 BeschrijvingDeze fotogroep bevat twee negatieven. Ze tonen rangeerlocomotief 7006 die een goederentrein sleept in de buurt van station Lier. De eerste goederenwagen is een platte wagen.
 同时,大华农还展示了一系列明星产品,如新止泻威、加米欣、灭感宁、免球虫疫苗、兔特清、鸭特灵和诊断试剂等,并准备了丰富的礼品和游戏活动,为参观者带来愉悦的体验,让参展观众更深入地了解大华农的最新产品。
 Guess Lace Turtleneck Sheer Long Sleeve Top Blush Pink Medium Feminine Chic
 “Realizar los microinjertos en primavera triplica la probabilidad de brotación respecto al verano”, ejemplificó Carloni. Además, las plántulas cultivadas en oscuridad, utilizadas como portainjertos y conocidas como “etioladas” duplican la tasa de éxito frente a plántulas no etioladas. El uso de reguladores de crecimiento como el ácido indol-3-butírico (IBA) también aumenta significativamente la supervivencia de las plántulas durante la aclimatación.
==
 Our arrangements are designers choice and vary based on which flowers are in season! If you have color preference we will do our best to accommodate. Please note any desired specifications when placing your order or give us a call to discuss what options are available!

EXERCISE REQUIREMENTS >>
The lines above, starting at the one with "同时,大华农还展示了一系列明" and ending at the one with "Guess Lace Turtleneck", are the only ones to return, exactly as written.

EXERCISE RESPONSE >>
 同时,大华农还展示了一系列明星产品,如新止泻威、加米欣、灭感宁、免球虫疫苗、兔特清、鸭特灵和诊断试剂等,并准备了丰富的礼品和游戏活动,为参观者带来愉悦的体验,让参展观众更深入地了解大华农的最新产品。
 Guess Lace Turtleneck Sheer Long Sleeve Top Blush Pink Medium Feminine Chic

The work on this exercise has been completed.